“The Swimmer” and The Swimmer
May 27, 2014 | by Dan Piepenbring
It’s John Cheever’s birthday, and courtesy of 92Y, you can listen to a recording of the author reading his most famous story, “The Swimmer,” in December 1977. It’s easy to shrug off such a canonical piece of fiction, especially when its hero is named Neddy. But if you, like me, haven’t glanced at it since it appeared on one syllabus or another, “The Swimmer” is worth rereading; though its more surreal elements feel contrived to me, the prose still glitters and the dark humor survives:
It would storm. The stand of cumulus cloud—that city—had risen and darkened, and while he sat there he heard the percussiveness of thunder again. The de Haviland trainer was still circling overhead and it seemed to Ned that he could almost hear the pilot laugh with pleasure in the afternoon; but when there was another peal of thunder he took off for home. A train whistle blew and he wondered what time it had gotten to be. Four? Five? He thought of the provincial station at that hour, where a waiter, his tuxedo concealed by a raincoat, a dwarf with some ﬂowers wrapped in newspaper, and a woman who had been crying would be waiting for the local.
I hadn’t known, though Google suggests it’s common knowledge, that “The Swimmer” was adapted into a feature-length film, released in 1968, starring Burt Lancaster as Neddy. According to a thorough assessment at Turner Classic Movies, The Swimmer succeeds in adapting the unadaptable:
It succeeds brilliantly as a fascinating, enigmatic drama that ponders middle-age disillusionment and failure. It’s one of those lucky accidents that occurred in the sixties when Hollywood was still open to experimentation because most studio executives were completely insecure in predicting commercial hits. After all, Bonnie and Clyde and The Graduate (both 1967) had blindsided the industry with their unexpected box-office grosses. So maybe audiences were ready for more challenging films like The Swimmer? Unfortunately, the film was a box-office flop, but part of its commercial failure was due to poor marketing by Columbia.

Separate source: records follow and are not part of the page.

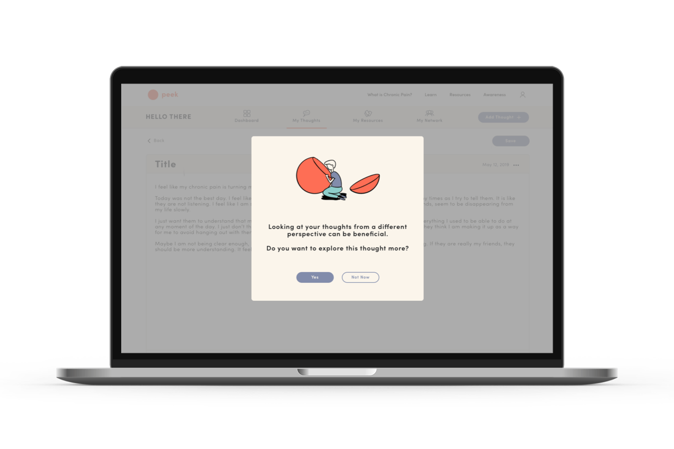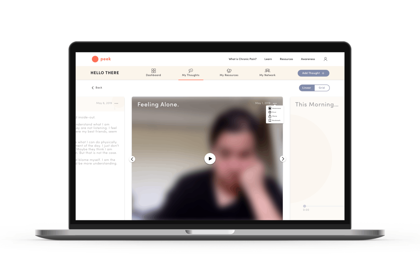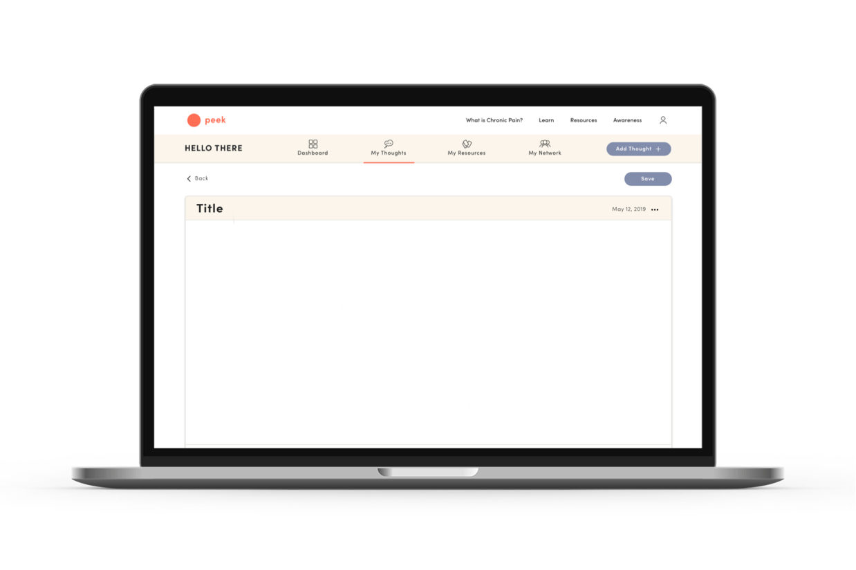 Peek has two main elements: (1) The website features free resources, information, and shared stories that are accessible without signing up. (2) The platform is a resource to help chronic pain patients and their family/friends record their thoughts, build a collection of resources, and share them.
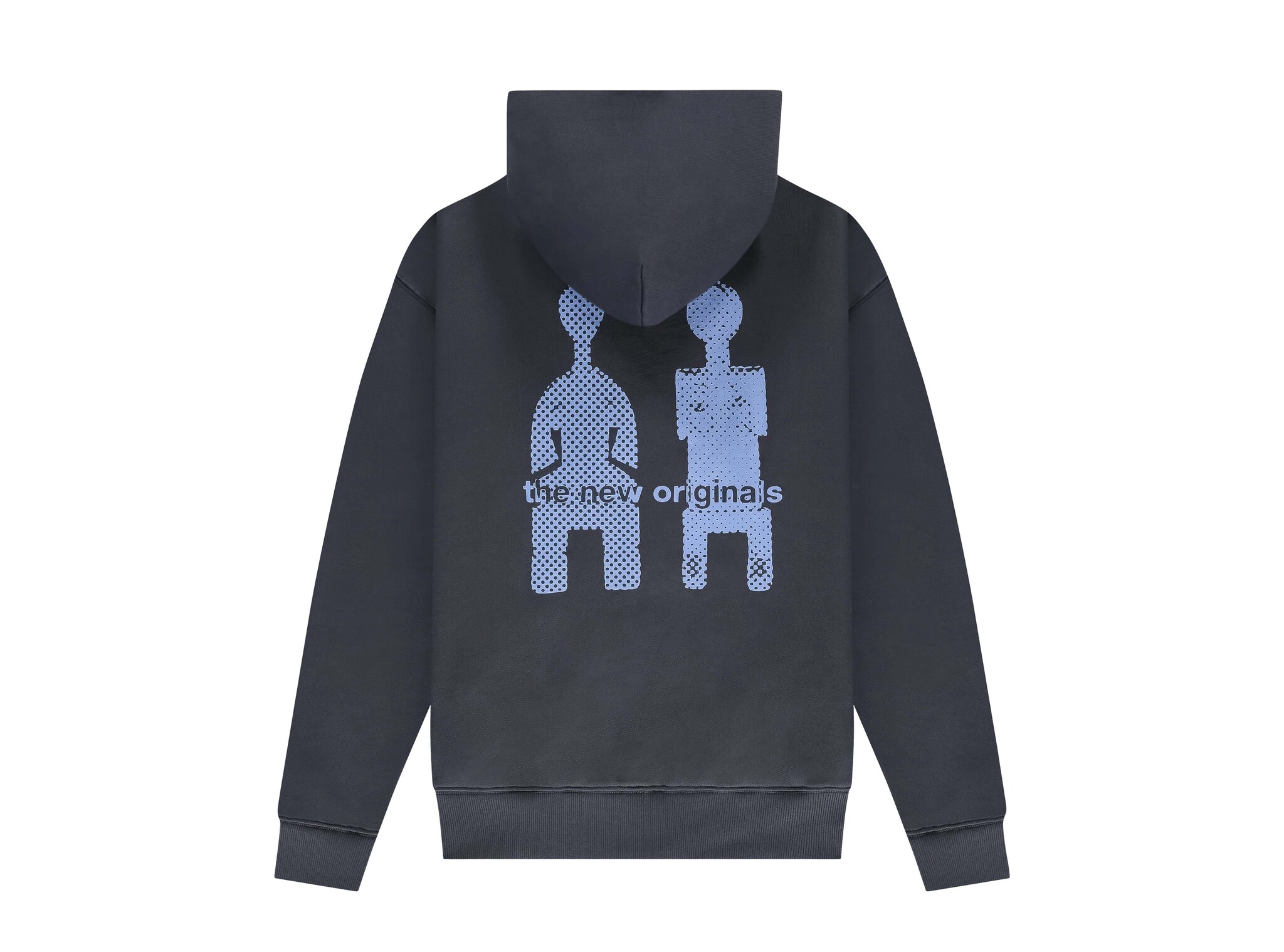 The 2 Figures Zip Up Hoodie in Black Oyster is a stylish and comfortable hoodie from The New Originals. Made of 100% cotton with an oversized fit. The hoodie features a zipper and is adorned with the signature 2 Figures artwork on the front and back in Serenity Blue, combined with The New Originals branding. Perfect for a casual and modern look.
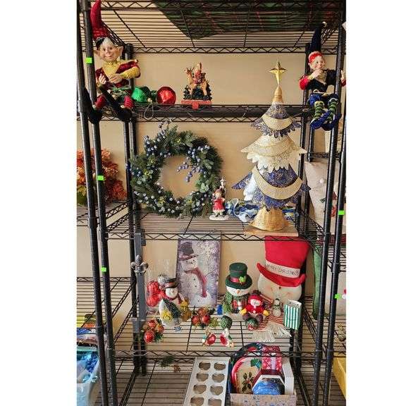 LOT 97 - Christmas Decor Elves Red Blue Metal Tree Snowman SHELVES NOT INCLUDED!!
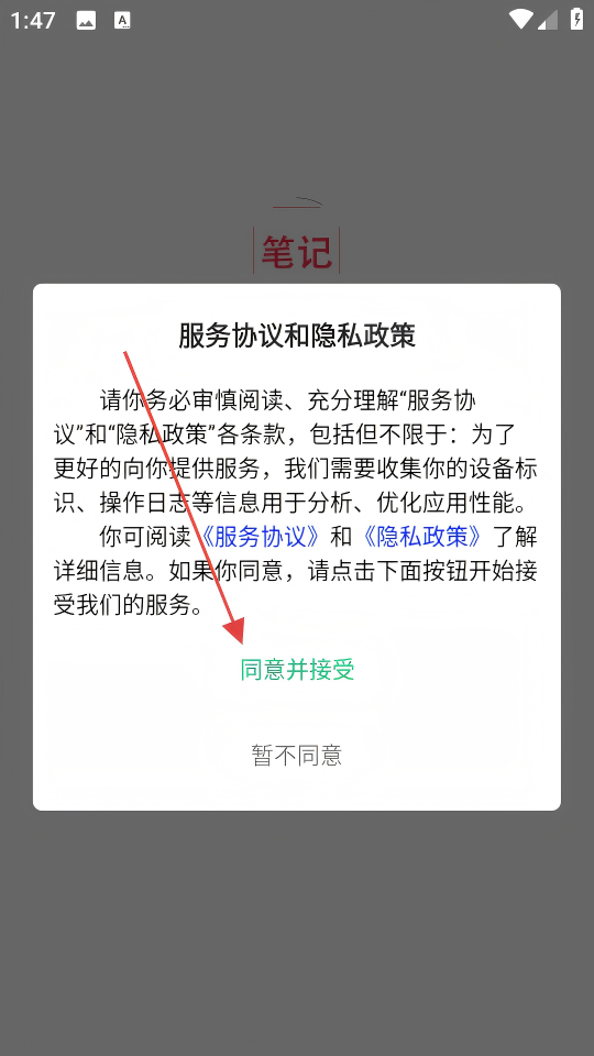 1、打开APP,仔细阅读相关内容后,点击【同意并接受】,进入APP首页。
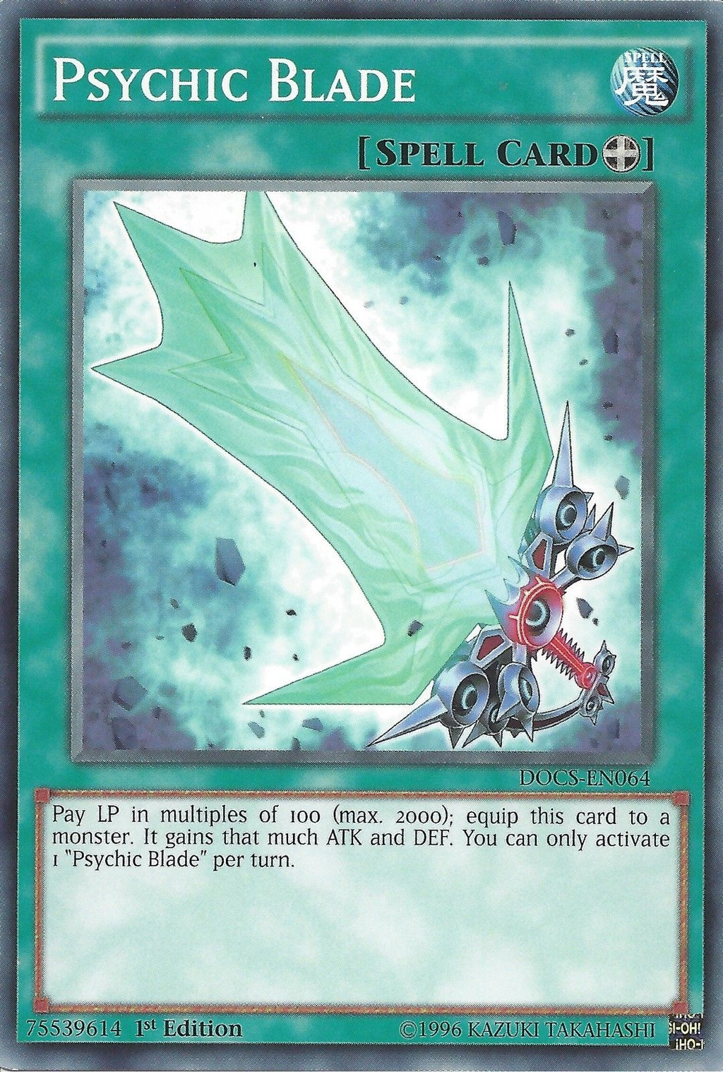 Activate this card by paying LP in multiples of 100 points (max. 2000). The equipped monster gains ATK and DEF equal to the LP you paid to activate this card. You can only activate 1 "Psychic Blade" per turn.
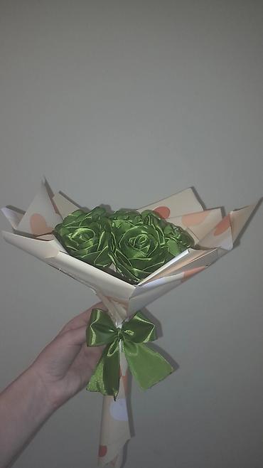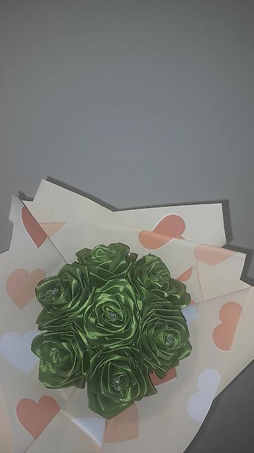 - Buket sastavljen od ručno pravljenih ruža od satenske trake u elegantnoj zelenoj boji.
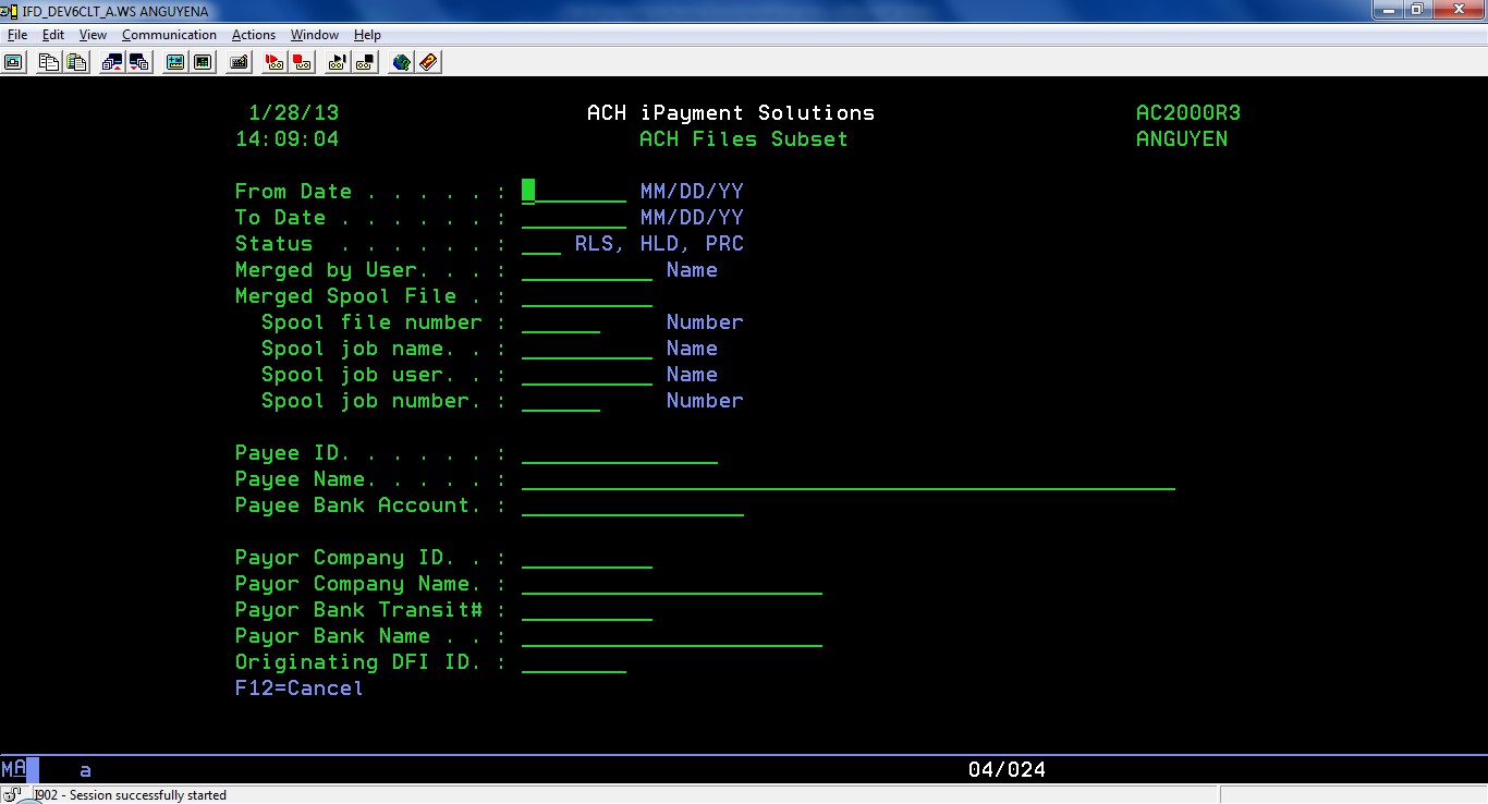 From iPayment menu, select item 3. Work with ACH Files.
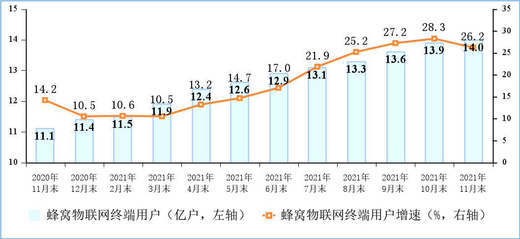 2020-2021年11月份末物联网终端用户情况。图片来源:工业和信息化部官网
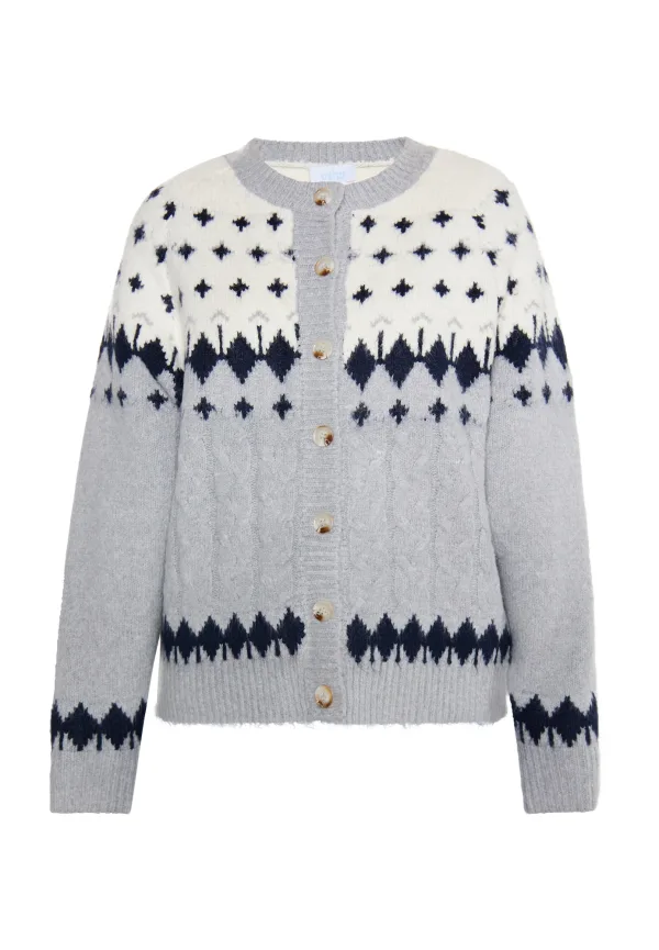 usha BLUE LABEL Gebreid vest ecru / grijs / zwart
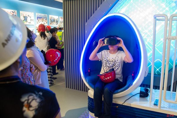 建设方用多种科技手段向各界来宾介绍项目建设概况。这是校园风光VR体验设备。
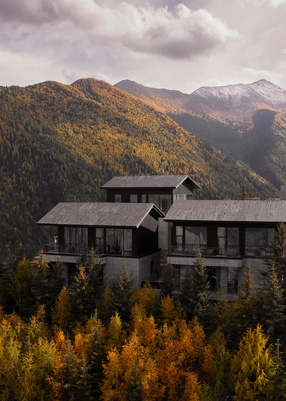 This is a renovation project located in Si'an Village, Rier Township, next to Siguniang Mountain in western Sichuan, which means "prominent platform" in Tibetan, and the Yunshan Mountain stands on a cliff held up by the forest. The roof of the renovated building is flush with the ridge of the Kanoer Snow Mountain, and the side near the cliff is opposite the direction of the sunrise of the Balang Snow Mountain. The original building structure sank into the forest, and the newly added buildings slowly disappeared into the mountain of Kanuoer Snow Mountain when the clouds and mist were filled, and the sloped roof and ridge converged into a "in" word, which is the origin of the project into the cloud mountain.
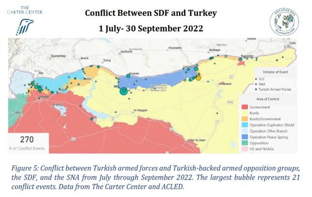 ACLED registrierte im dritten Quartal 2022 270 Konfliktfälle zwischen verschiedenen kurdischen bewaffneten Gruppen und türkischen Streitkräften oder von der Türkei unterstützten Oppositionsgruppen. Dies ist ein Rückgang um 30 % im Vergleich zum letzten Quartal. Der Rückgang erfolgte trotz der Rhetorik und der Besorgnis über einen neuen türkischen Einmarsch in Nordsyrien. Die Zahl der türkischen Drohnenangriffe ist weitgehend gleich geblieben (28 Ereignisse im zweiten Quartal und 29 im dritten Quartal). Die Angriffe beschränkten sich jedoch nicht mehr auf die Frontlinien, wo die überwiegende Mehrheit der Zusammenstöße und Beschussereignisse stattfinden; im Juli und August 2022 schlugen türkische Drohnen auf Ziele in den wichtigsten von den SDF kontrollierten städtischen Zentren und töteten Gegner (und Zivilisten) in Manbij, Kobani, Tell Abyad, Ar-Raqqa, Qamishli, Tell Tamer und al-Hassakah.

Poor marketing indeed. All of Columbia’s efforts seem to have been built around an ominous, pseudointellectual slogan: “When you talk about The Swimmer, will you talk about … yourself?” Picture the average suburban moviegoer emerging from the cinema, running his mouth in enchantment—“Holy toledo, whatta crazy flick, glad I’m not that guy”—only to realize the film was … about him! And his upper-middle-class malaise!
The trailer is especially heavy-handed in this regard, though it does give the movie a perverse appeal, by virtue of how poorly it’s aged:
In spite of all that, the film collected a certain reluctant critical regard; in the Times, Vincent Canby wrote that it “has the shape of an open-ended hallucination. It is a grim, disturbing and sometimes funny view of a very small, very special segment of upper-middle-class American life.” And Cheever himself gave his imprimatur, in a way—one of the film’s party scenes features a cameo from the author, seen here inexplicably dubbed in Spanish.
Then again, Cheever doesn’t have many kind words for Hollywood—the industry or the place—in his interview for the Art of Fiction series:
Writers of my generation and those who were raised with films have become sophisticated about these vastly different mediums and know what is best for the camera and best for the writer. One learns to skip the crowd scene, the portentous door, the banal irony of zooming into the beauty’s crow’s-feet. The difference in these crafts is, I think, clearly understood, and as a result no good film comes from an adaptation of a good novel. I would love to write an original screenplay if I found a sympathetic director. Years ago René Clair was going to film some of my stories, but as soon as the front office heard about this, they took away all the money.
What do you think of working in Hollywood?
Southern California always smells very much like a summer night … which to me means the end of sailing, the end of games, but it isn’t that at all. It simply doesn’t correspond to my experience. I’m very much concerned with trees … with the nativity of trees, and when you find yourself in a place where all the trees are transplanted and have no history, I find it disconcerting.
I went to Hollywood to make money. It’s very simple. The people are friendly and the food is good, but I’ve never been happy there, perhaps because I only went there to pick up a check. I do have the deepest respect for a dozen or so directors whose affairs are centered there and who, in spite of the overwhelming problems of financing films, continue to turn out brilliant and original films. But my principal feeling about Hollywood is suicide. If I could get out of bed and into the shower, I was all right. Since I never paid the bills, I’d reach for the phone and order the most elaborate breakfast I could think of, and then I’d try to make it to the shower before I hanged myself. This is no reflection on Hollywood, but it’s just that I seemed to have a suicide complex there. I don’t like the freeways, for one thing. Also, the pools are too hot … eighty-five degrees, and when I was last there, in late January, in the stores they were selling yarmulkes for dogs—my God! I went to a dinner and across the room a woman lost her balance and fell down. Her husband shouted over to her, “When I told you to bring your crutches, you wouldn’t listen to me.” That line couldn’t be better!